Discomforting, however, is the fact that of the total votes
cast for the Party-list contest, an average of 47.5 percent
was counted in to qualify for seats allocated for the system,
with the rest of the votes technically not represented for various
reasons.
II.
Number of Party-list groups
A
total of 122 Party-list groups were accredited by the Commission
on Elections (Comelec) in the 1998 elections, with only 13 making
it or 10.6 percent of those qualified (i.e., those who met the
2 percent threshold needed based on the total votes cast to
get one seat); 46 participated in the 2001 elections (12 made
it or 26.08 percent); 66 in the 2004 elections (16 made it or
24.2 percent); and 92 in the 2007 mid-term elections (with 16
winning or 17.4 percent). The number of seats taken in those
elections, out of 52 to 55 possible maximum slots for the Party-list,
was: 14 seats in 1998; 20 in 2001; 24 in 2004; and 22 in 2007.
Ironically,
based only on the Comelec and, later, Panganiban formulas –
but not discounting other probable reasons – the number
of votes that would qualify a Party-list to take one seat over
the period has risen and this was attended by a corresponding
leap in the number of voters that technically were not counted,
not represented, or were disenfranchised in the final allocation
of seats. To be specific: in 1998, the number of qualified votes
per seat was 65,948 while the number of votes technically not
represented was 2,506,024, with 38 seats not filled up; in 2001,
a seat needed 97,397 votes, with 3,113,504 voters not represented,
leaving 32 seats not occupied; in 2004, there were 151,397 votes
per seat and 4,541,910 voters not represented, leaving 30 seats
unfilled; and, finally, in 2007 there were 160,040 votes per
seat, with 5,121,280 voters not represented with 32 seats vacant.
(8)
Starting
from a high of 122 Party-list groups in the 1998 elections,
the number of groups participating has dropped. The entry of
allegedly fake Party-list groups in the 2001 elections somewhat
changed this downward course. Moreover, the number of seats
actually occupied based on the four elections covered did not
reach beyond 50 percent. For reasons yet to be threshed out,
there has been a steady increase in the number of votes needed
for a Party-list group to fulfil the 2 percent treshold and
qualify for one seat. On the other hand, at least one Party-list,
Bayan Muna, had been able to surpass the number of votes corresponding
to more than three seats but the 3-seat cap has made it impossible
to win more seats even if based on the 2 percent threshold thus
leaving a sizeable chunk of voters technically unrepresented.
There
are several reasons for these varied problems.
III.
On the low turn-out of voters for the Party-list
The
period covering the four elections has shown no significant
increase in the number of registered voters casting their ballot
for the Party-list system. On the surfare, this may signify
that the pattern of voting among many voters generally remains
toward the traditional presidential, district representation,
and local government races with no significant voting response
to the Party-list system which at least, as the Constitution
implies, promises policy-making representation for the marginal
sectors.
This
can be explained partly by voters’ low awareness on the
Party-list system. Furthermore, the dominant tendency in elections
where voting is decided on personalities influences most people
to exercise their right to vote on the traditional mode of accessing
political power to the detriment of issues and programs that
the Party-list system – at least from groups that are
keen on making it functional for the marginalized and underrepresented
– offers. In this regard, the Commission on Elections
(Comelec) has been constantly reminded to discharge its mandated
role in making the voters more informed about the Party-list
system. The national poll body had all 20 years – including
the period from the ratification of the Constitution to the
time the enabling law on the Party-list system was enacted,
and then the first four elections – for it to conduct
a voter’s education drive about this innovation to the
legislative institution. This neglect has led some Party-list
groups to integrate the information drive about the system into
their election campaign often with great logistical cost.
The
Philippine trimedia’s reportage of elections has also
tended to provide more focus on national, senatorial and local
elections, and very little on the Party-list contest except
on election-related incidents such as arrests and harassments.

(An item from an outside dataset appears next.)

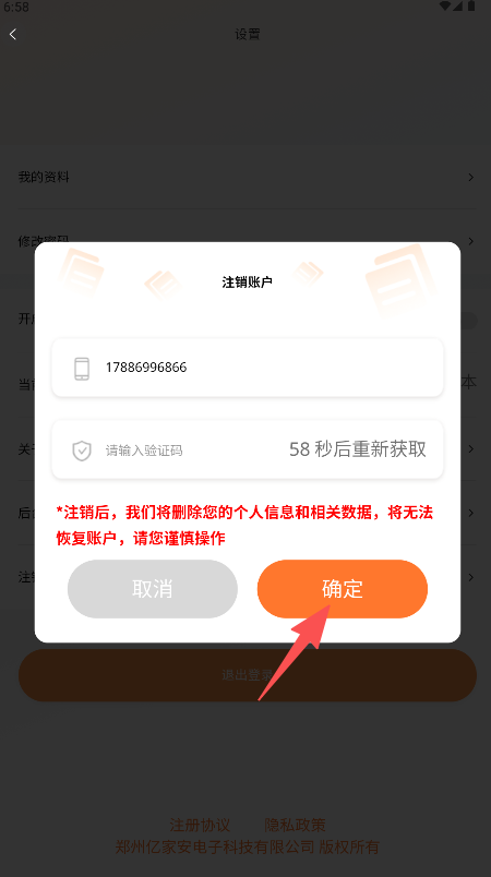 3、在弹出的“注销账户”窗口中,输入短信验证码后,点击“确定”按钮即可。

In its analysis of tri-media coverage of the May 2007 elections,
the Center for Media Freedom and Responsibility (CMFR) noted
that newspapers devoted only 4.9 percent of their space to the
Party-list contest on election day, with the same trend observed
in major TV and radio networks.(9)
Another
explanation is the large-scale disenfranchisement of voters
that can be attributed to flawed Comelec election supervision,
institutional deficiencies as well as various types of cheating,
fraud and violence.
Particularly
flawed was the May 2004 election, which is the continuing subject
of large-scale cheating allegations and investigations involving
President Gloria M. Arroyo. A report by the IFES pictures what
happened on election day(10)
:
“Election
Day was marred by numerous logistical, procedural, and organizational
problems. Many voters did not know where to vote, precincts
and polling stations were poorly organized, and voters’

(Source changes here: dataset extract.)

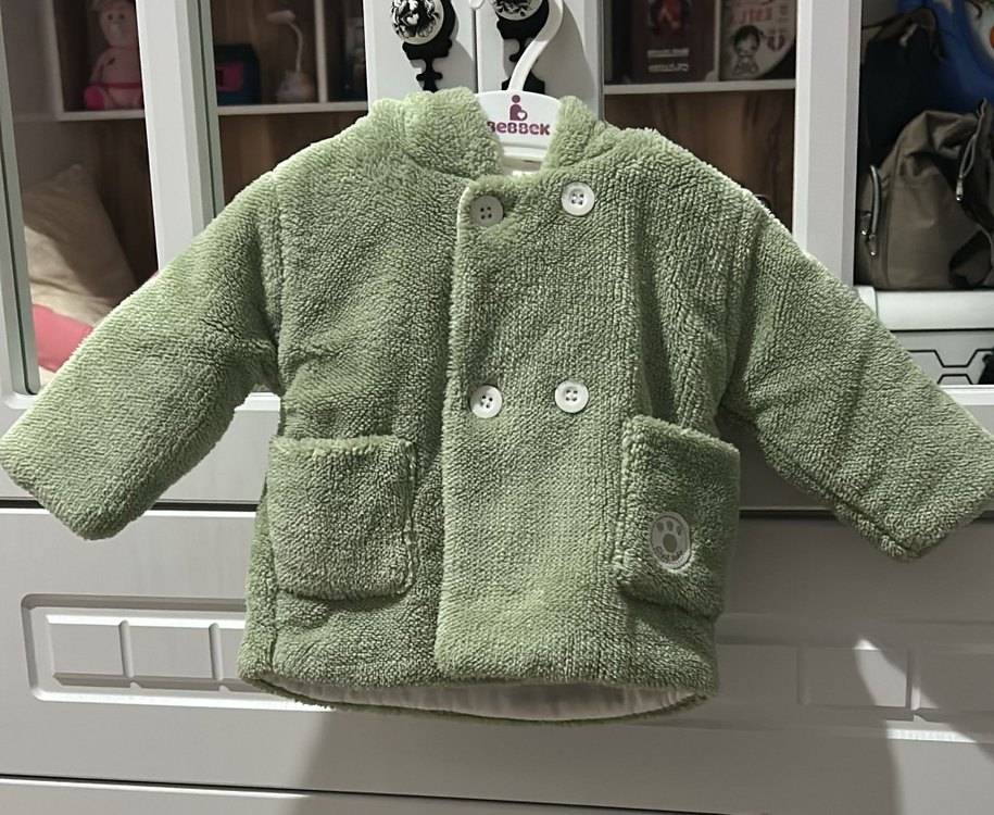 Düğmeli Erkek Çocuk Yeşil Kaban

lists were inaccurate. A poorly designed ballot and crowded
polling locations in urban areas made voting difficult and did
not protect the secrecy of the vote. Numerous procedures were
not understood or were ignored due to poor training and weak
supervision. The counting process was painfully slow due to
complicated ballots and unnecessary procedures. ..The tabulation
process, known as canvassing, is complex. Despite numerous safeguards,
it suffers from the perception of fraud…This leaves excessive
room for delay and politicization, as was vividly demonstrated
in this election.”
On
top of this, the IFES report added:
“Voter
education efforts were uncoordinated and poorly implemented.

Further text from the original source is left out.